Microsoft was unable to withdraw its new WizardLM 2 model from public access


Reaction score
"GPT-4 killer" hastily erased from the network, but the Internet remembers everything…

Last week, Microsoft researchers introduced WizardLM 2 — one of the most powerful open source large language models (LLMs). However, shortly after the publication appeared, the company hastily removed it from the Internet. According to the developers themselves, this happened because they missed the necessary stage of toxicity testing before releasing the model to the public.

A remote message from the developers of WizardLM 2 stated that the model represents "the next generation of advanced large language models, improved for complex chats, multilingual systems, reasoning, and agency tasks." Unlike other models that were trained on publicly available data from the Internet or scientific journals, the developers of WizardLM 2 trained their brainchild on synthetic data created by other AI models.

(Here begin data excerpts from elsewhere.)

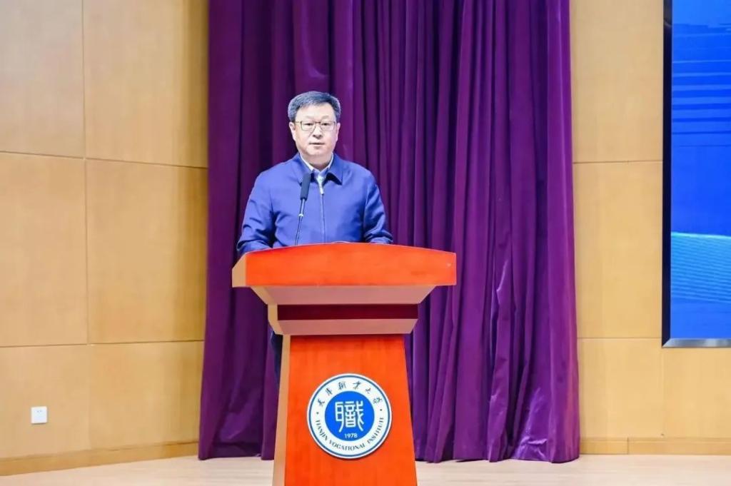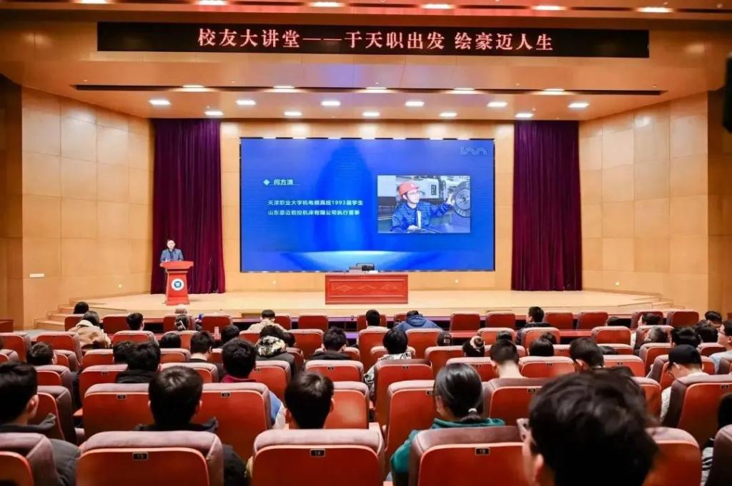 闫方清以《于天职出发,绘豪迈人生》为题,讲述了他1993年进入beat365官网机电模具专业“潍柴班”的学习经历,正是母校“育德育能,力实力新”的校训精神和老师们专业严谨的治学态度,激励着他不断勤奋求实、勇于创新、乐业敬业、追求卓越。当下正处于职业教育大发展的黄金时期,党和国家比以往任何时候都更加重视职业教育的发展。他鼓励学弟学妹们珍惜当下优越的校企合作环境和先进的学习实训设备,在天职优秀教师团队的教育指导下,弘扬天职精神,踔厉奋发、笃行不怠,争做新时代能工巧匠、大国工匠!
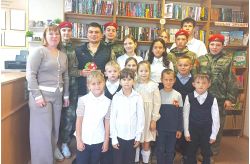 Младший сержант контрактной службы, заместитель командира взвода с позывным «Кипиш» вернулся на Родину после ранения и любезно согласился и нашел время для встречи с ребятами. Девушки из отряда «Юная армия» прочитали стихотворения в поддержку и укрепления солдатского духа.
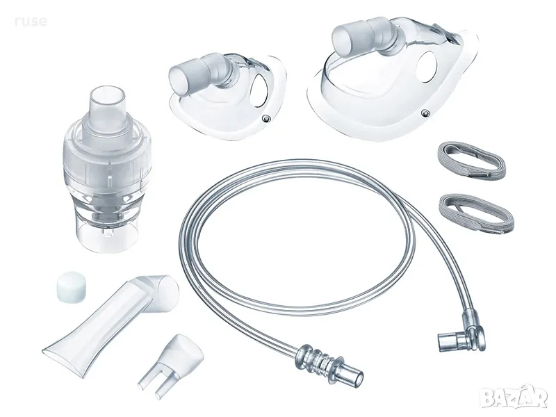 Комплектът съдържа:1x инхалатор, 1x ръководство за употреба, 2 х маски, накрайник за нос, филтър, мундщук, маркуч за сгъстен въздух
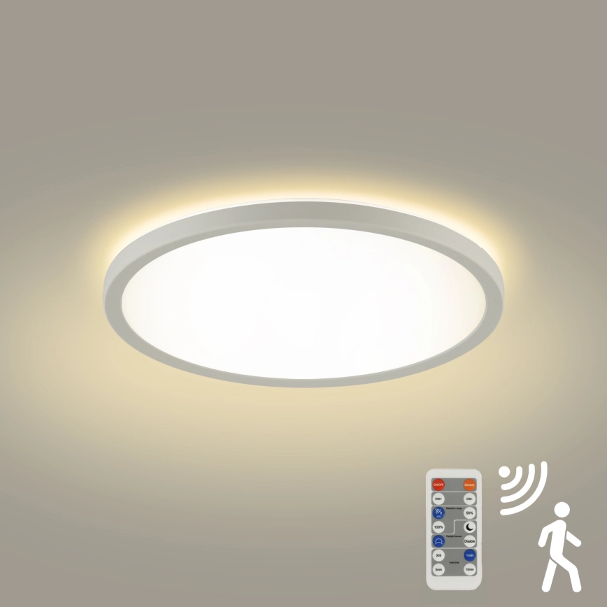 Brilagi - LED регулируемо осветително тяло с датчик за движение и здрач ULTRA SLIM LED/18W/230V Ø 30 см + дистанционно управление

In theory, this approach was supposed to make the new LLM from Microsoft safer, but since the developers did not have time to check it properly, according to all the company's directives, the model was "withdrawn" from public access.

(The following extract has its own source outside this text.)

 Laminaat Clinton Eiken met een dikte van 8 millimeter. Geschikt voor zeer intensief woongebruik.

Despite the quick removal, some users managed to download LLM and put it on the Github and Hugging Face platforms. Thus, the model, which according to Microsoft was not ready for wide distribution, is now still freely available. As the saying goes, what once gets on the Internet stays there forever. Microsoft, according to the classic, declined to comment on the incident.

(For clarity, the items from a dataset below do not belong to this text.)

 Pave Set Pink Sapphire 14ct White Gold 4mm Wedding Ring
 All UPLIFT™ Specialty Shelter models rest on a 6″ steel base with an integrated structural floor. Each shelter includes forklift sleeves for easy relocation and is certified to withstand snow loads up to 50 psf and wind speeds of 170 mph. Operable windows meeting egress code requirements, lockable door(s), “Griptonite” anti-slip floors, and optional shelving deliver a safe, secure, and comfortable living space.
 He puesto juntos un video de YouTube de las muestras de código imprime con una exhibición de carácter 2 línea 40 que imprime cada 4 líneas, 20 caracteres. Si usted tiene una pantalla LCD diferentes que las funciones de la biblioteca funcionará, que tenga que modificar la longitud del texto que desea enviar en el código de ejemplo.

The developers themselves posted the following message on April 16: "We are very sorry. It's been a long time since the model was last released, so we weren't familiar with the new release process: we accidentally missed the toxicity testing phase. We will soon complete this test and re-release the model. Don't worry, thank you for your concern and understanding."

The WizardLM 2 pages on Github and Hugging Face are still unavailable, but the model is easily found in several copy branches on the same platforms.

Using the MT-Bench method, which automatically evaluates the performance of large language models, Microsoft researchers found that WizardLM 2 shows highly competitive results compared to the most modern closed developments, such as GPT-4-Turbo and Claude-3. Theoretically, the new model can really become a "killer" of sensational models from OpenAI and Anthropic.

It is not yet known for certain whether the new model from Microsoft is really capable of generating malicious and even "toxic" responses, or whether the company removed it only because of the lack of verification of these aspects. However, the fact remains that the company failed to control the spread of the new AI model, which it considered not ready for public use.